In this post I’d like to finally get to the meat of this project: a systematic construction of rational and honest views on current topics of ethical importance. I’ve felt it necessary to build a strong foundation about my ethical system before diving into specific ethical issues, which I have preliminarily done here, but it feels appropriate to move into phase 2, given the pace at which real life is throwing us ethical curveballs. I suspect I will get through at least preliminary comments on the following topics by the end of tonight: freedom of speech, freedom of religion, Islamophobia, border vetting, and culture.
First, as an overview of the ethical principles I will take as granted from here on out:
- Reasoning is the foundation of ethics, given that ethics deals with values and behaviors at the societal scale, and to have alignment of individual values and behaviors across a society, you have to be able to give “reasons” to others for why you believe what you believe, and why you do what you do. That is the essence of reasoning.
- I believe there is fundamentally one line of reasoning (an “escalator”, in Peter Singer’s conception) about values that leads us inevitably to the ethic of universal well-being. I believe this strongly enough, at this point, that in principle I shouldn’t have to explain this (but I can dwell on this more in future posts, if desired); the degree to which you accept the expansive circle of well-being is, in my view, the degree to which you are truly reasoning. I don’t mean that to be condescending; in truth, the vast majority of our life circumstances do not require us to truly reason (imagine the obnoxious child in your life that keeps asking “why” over and over again; that is the only kind of person who is “truly” reasoning at peak performance, while the rest of us have fallen into states of ignorance, dishonesty, rustiness, or a combination of all of the above). And, in fact, many of our “cultures” and “customs” actively obviate us of the responsibility of reasoning, by design.
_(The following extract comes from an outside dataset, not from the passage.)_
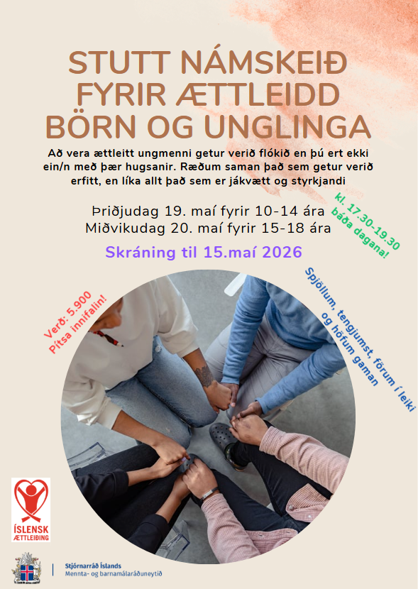 Þetta örnámskeið er hannað fyrir ættleidd ungmenni á aldrinum 10-18 ára og er skipt í tvö holl (19. og 20. maí næstkomandi frá 17.30-19.30). Kjörið tækifæri til að tengjast öðrum og hafa gaman en einnig líta aðeins inn á við og hlusta á aðra. Ekkert ungmenni þarf að tjá sig ef það vill það ekki en hugmyndin er að þessi hittingur verði kveikjan að öðru og meiru í haust.

So back to the point of this point: there is an objective “right” direction to ethical reasoning, in my view, and it’s the equal consideration of the well-being of all beings of equal consciousness (and less conscious animals, accordingly).
- The best thought experiment I have heard of to explain the “rightness” of this ethical system is the following: for any ethical view you are debating, simply imagine that once you have conceived of the version of society you believe is “right”, then you are assigned at random to live in that society. This automatically aligns your thinking with the common sense criteria that your “ethic” cannot be individualistic, and must work for all people in a society (which, as I have already pointed out, is part of the literal definition of an ethic). Imagine creating a “perfect” world, with the caveat that once you have created that perfect world, you are born into it at random. If you truly hold yourself to that thought experiment, I can’t imagine much variation in what we would conceive that “perfect” world to be like. It would be a world in which everybody has equal opportunity, and likely equal outcome to some degree as well. If you have an interesting argument against this, I would be very interested to discuss it.
- The challenge, of course, is whether we are able to accurately measure the increase or decrease of universal well-being comparatively between any two ethical scenarios (say, yes or no on abortion, or yes or no on gun control). This is where “rationality” and “empiricism” enter the fray as the best tools we have to make those ethical judgments. I am of the opinion that we must always employ the best reasoning we are capable of to make our ethical decisions, and that dogma of all forms (across the entire political spectrum) is at odds with rational thinking.
- For the current topics I will consider, or any kind of debate I enter with colleagues, I would like to employ the following strategy. First, we have to agree on our fundamental areas of agreement and disagreement. That means distilling our views to their fundamental values and assumptions. If we find that our values are at odds (i.e. at different points along that arrow of reasoning from localized, gene-focused well-being to universal well-being), then that is the most fundamental area of disagreement, and we’d have no good reason to argue further if we cannot reach agreement there. If, on the other hand, our values are aligned (i.e. both believing in the equal value of all beings), then our disagreement can only be in the assumptions we make to calculate well-being. That disagreement would ultimately stem from different facts (which of course must be vetted for accuracy, a question of science), differences in methods of calculation, or different heuristics around uncertainty if we do not have the facts.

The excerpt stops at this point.